Academy Award-nominated director and producer Yance Ford, producer Joslyn Barnes and cinematographer Alan Jacobsen took home the 70th Primetime Emmy Award for Exceptional Merit in Documentary Filmmaking for Strong Island at the Creative Arts Emmy Award celebration last night.
“Winning the Emmy for Exceptional Merit in Documentary Filmmaking is a tremendous affirmation of the power of non-fiction film to ask difficult but necessary questions about whether justice is available to people of color in the U.S. and around the world,” said Ford. “We have seen time and time again that it is not. But I remain hopeful that we who believe in freedom—black freedom, trans freedom—and equality for all, will, in the end, win out.”
“So many people have been recognized by this award—living and dead that I am humbled to receive it in their names,” Ford continued.
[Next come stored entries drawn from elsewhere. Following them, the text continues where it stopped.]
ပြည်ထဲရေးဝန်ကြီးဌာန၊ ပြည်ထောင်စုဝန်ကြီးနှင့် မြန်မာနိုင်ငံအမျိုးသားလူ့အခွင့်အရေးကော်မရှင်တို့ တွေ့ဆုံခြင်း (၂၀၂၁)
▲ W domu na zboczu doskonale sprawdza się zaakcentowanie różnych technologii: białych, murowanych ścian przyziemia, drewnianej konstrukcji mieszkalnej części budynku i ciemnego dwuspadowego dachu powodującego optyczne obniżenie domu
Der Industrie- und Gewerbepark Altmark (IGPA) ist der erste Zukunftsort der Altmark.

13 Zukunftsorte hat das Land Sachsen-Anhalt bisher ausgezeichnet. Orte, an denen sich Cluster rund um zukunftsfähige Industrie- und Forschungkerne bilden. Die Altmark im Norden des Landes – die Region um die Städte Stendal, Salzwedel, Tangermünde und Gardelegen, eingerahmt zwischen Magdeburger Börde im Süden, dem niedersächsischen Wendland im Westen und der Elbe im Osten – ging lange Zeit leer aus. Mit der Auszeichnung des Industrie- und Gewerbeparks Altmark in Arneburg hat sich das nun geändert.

This historic win marks the first time an openly transgender, African American filmmaker has won this award. Strong Island was previously nominated for the 2018 Academy Award for Best Documentary Feature and received a Gotham Independent Film Award for Best Documentary in 2017.
“I am humbled and honored that The Academy has chosen to recognize the uncompromised vision of Strong Island,” said Alan Jacobsen. “For seven years, Yance and I worked to create an experiential visual world that would inexorably compel the viewer to confront ideas and assumptions about systemic bias in our justice system. This award validates the power and urgent responsibility of cinema to confront hard questions and speak the truth to power. I am grateful for the honor.”
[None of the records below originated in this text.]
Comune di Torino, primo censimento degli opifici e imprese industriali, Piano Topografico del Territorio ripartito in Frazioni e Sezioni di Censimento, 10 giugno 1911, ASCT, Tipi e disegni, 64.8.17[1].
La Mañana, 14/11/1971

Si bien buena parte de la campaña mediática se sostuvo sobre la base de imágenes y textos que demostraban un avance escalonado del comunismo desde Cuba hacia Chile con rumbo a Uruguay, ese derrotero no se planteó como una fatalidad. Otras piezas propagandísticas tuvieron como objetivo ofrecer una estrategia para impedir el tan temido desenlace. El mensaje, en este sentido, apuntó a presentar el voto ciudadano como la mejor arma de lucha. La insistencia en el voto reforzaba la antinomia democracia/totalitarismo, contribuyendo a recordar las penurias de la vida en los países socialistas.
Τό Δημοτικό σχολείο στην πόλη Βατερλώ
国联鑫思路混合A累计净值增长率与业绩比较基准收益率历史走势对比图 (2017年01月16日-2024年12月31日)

“What drew me to the project was the courage and integrity of filmmaker Yance Ford, his collaborative spirit, which is crucial to me as a creative producer, and our shared desire to focus on the issue of fear,” says producer Joslyn Barnes. “Winning [this] Emmy is a beautiful honor…I hope this will be hugely helpful in launching [Yance] as a director because his voice is important and that most rare thing: Necessary.”
A true-crime documentary, Strong Island centers on the 1992 death of Ford’s brother, William, a 24-year-old African American teacher in New York, who was shot by a white auto mechanic. The team created the feature over a seven-year period, culminating in its award-winning premiere at the 2017 Sundance Film Festival.